EXERCISE PROMPT >> Would you please reproduce all the entries exactly, leaving the pictures out?

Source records
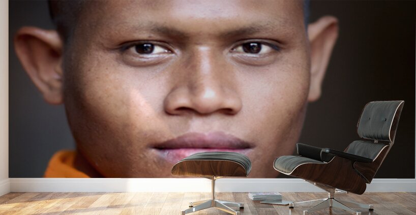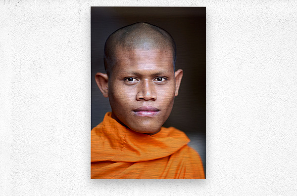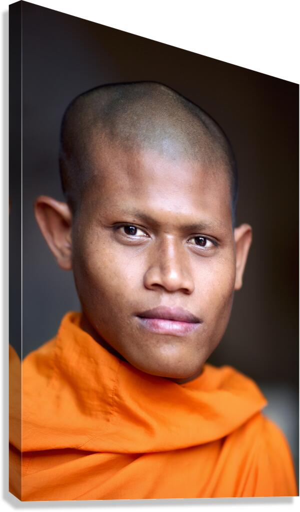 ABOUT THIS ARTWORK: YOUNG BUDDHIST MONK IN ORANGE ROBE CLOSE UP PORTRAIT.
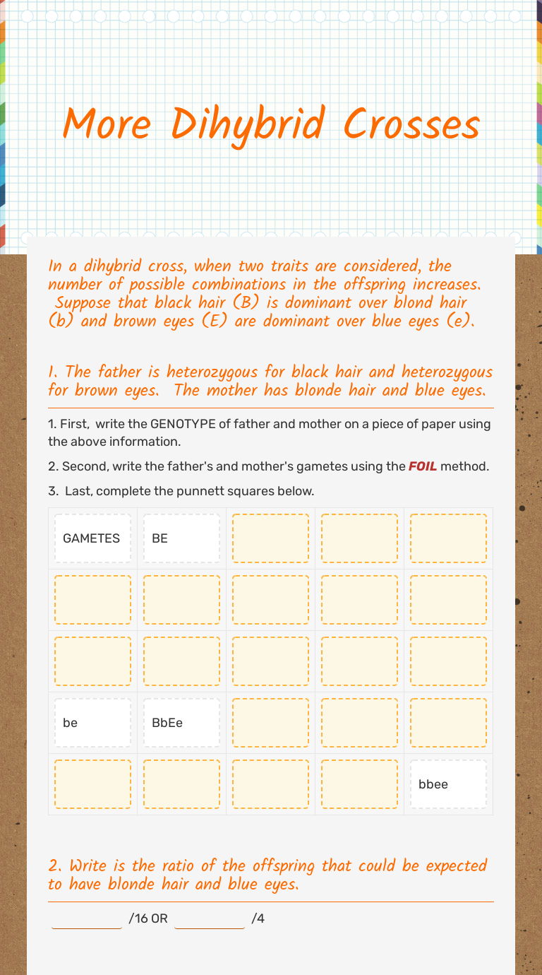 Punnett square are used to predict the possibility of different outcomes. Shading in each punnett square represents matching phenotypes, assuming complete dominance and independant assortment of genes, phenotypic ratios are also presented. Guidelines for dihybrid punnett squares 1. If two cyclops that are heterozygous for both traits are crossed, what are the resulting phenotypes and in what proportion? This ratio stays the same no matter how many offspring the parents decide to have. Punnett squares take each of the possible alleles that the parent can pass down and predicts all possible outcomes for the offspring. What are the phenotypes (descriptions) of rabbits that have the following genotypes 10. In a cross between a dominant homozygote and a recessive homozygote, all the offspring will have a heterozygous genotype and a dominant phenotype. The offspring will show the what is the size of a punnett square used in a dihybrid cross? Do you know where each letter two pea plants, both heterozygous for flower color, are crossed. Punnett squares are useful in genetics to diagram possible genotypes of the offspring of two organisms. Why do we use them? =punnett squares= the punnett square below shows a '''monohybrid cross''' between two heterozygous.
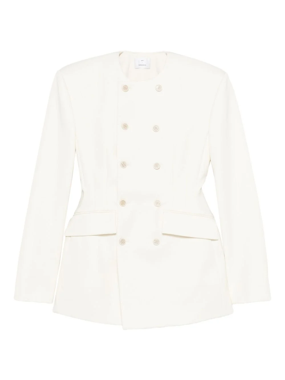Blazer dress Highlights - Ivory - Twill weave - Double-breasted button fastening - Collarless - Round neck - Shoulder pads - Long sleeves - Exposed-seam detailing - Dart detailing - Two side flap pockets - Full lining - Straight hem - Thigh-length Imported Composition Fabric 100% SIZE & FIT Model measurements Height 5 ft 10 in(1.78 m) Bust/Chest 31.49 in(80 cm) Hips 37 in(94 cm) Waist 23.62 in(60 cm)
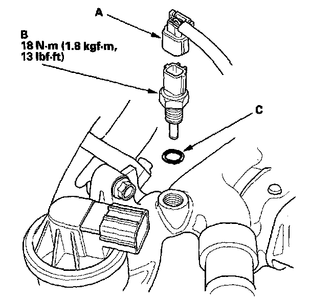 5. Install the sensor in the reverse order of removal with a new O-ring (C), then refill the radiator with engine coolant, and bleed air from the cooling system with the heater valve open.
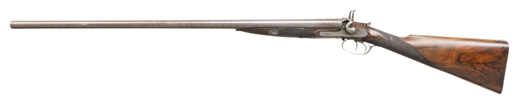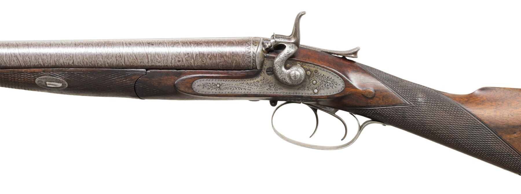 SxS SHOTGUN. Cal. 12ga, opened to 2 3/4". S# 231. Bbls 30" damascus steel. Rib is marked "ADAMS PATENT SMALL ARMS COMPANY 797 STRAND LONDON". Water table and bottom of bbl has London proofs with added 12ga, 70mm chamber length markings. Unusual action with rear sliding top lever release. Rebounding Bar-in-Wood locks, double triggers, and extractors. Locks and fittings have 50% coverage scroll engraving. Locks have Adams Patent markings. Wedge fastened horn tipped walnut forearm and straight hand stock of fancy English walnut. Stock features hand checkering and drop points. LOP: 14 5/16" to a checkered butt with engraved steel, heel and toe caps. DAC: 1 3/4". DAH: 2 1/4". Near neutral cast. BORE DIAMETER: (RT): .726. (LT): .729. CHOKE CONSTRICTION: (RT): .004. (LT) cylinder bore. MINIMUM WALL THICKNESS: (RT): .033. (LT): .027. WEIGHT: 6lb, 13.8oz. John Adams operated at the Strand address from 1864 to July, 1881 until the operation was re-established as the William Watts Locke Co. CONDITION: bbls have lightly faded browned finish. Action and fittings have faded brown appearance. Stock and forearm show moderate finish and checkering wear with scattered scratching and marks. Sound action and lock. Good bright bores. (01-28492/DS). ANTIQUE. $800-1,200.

FINAL ANSWER >>
 ABOUT THIS ARTWORK: YOUNG BUDDHIST MONK IN ORANGE ROBE CLOSE UP PORTRAIT.
 Punnett square are used to predict the possibility of different outcomes. Shading in each punnett square represents matching phenotypes, assuming complete dominance and independant assortment of genes, phenotypic ratios are also presented. Guidelines for dihybrid punnett squares 1. If two cyclops that are heterozygous for both traits are crossed, what are the resulting phenotypes and in what proportion? This ratio stays the same no matter how many offspring the parents decide to have. Punnett squares take each of the possible alleles that the parent can pass down and predicts all possible outcomes for the offspring. What are the phenotypes (descriptions) of rabbits that have the following genotypes 10. In a cross between a dominant homozygote and a recessive homozygote, all the offspring will have a heterozygous genotype and a dominant phenotype. The offspring will show the what is the size of a punnett square used in a dihybrid cross? Do you know where each letter two pea plants, both heterozygous for flower color, are crossed. Punnett squares are useful in genetics to diagram possible genotypes of the offspring of two organisms. Why do we use them? =punnett squares= the punnett square below shows a '''monohybrid cross''' between two heterozygous.
Blazer dress Highlights - Ivory - Twill weave - Double-breasted button fastening - Collarless - Round neck - Shoulder pads - Long sleeves - Exposed-seam detailing - Dart detailing - Two side flap pockets - Full lining - Straight hem - Thigh-length Imported Composition Fabric 100% SIZE & FIT Model measurements Height 5 ft 10 in(1.78 m) Bust/Chest 31.49 in(80 cm) Hips 37 in(94 cm) Waist 23.62 in(60 cm)
 5. Install the sensor in the reverse order of removal with a new O-ring (C), then refill the radiator with engine coolant, and bleed air from the cooling system with the heater valve open.
 SxS SHOTGUN. Cal. 12ga, opened to 2 3/4". S# 231. Bbls 30" damascus steel. Rib is marked "ADAMS PATENT SMALL ARMS COMPANY 797 STRAND LONDON". Water table and bottom of bbl has London proofs with added 12ga, 70mm chamber length markings. Unusual action with rear sliding top lever release. Rebounding Bar-in-Wood locks, double triggers, and extractors. Locks and fittings have 50% coverage scroll engraving. Locks have Adams Patent markings. Wedge fastened horn tipped walnut forearm and straight hand stock of fancy English walnut. Stock features hand checkering and drop points. LOP: 14 5/16" to a checkered butt with engraved steel, heel and toe caps. DAC: 1 3/4". DAH: 2 1/4". Near neutral cast. BORE DIAMETER: (RT): .726. (LT): .729. CHOKE CONSTRICTION: (RT): .004. (LT) cylinder bore. MINIMUM WALL THICKNESS: (RT): .033. (LT): .027. WEIGHT: 6lb, 13.8oz. John Adams operated at the Strand address from 1864 to July, 1881 until the operation was re-established as the William Watts Locke Co. CONDITION: bbls have lightly faded browned finish. Action and fittings have faded brown appearance. Stock and forearm show moderate finish and checkering wear with scattered scratching and marks. Sound action and lock. Good bright bores. (01-28492/DS). ANTIQUE. $800-1,200.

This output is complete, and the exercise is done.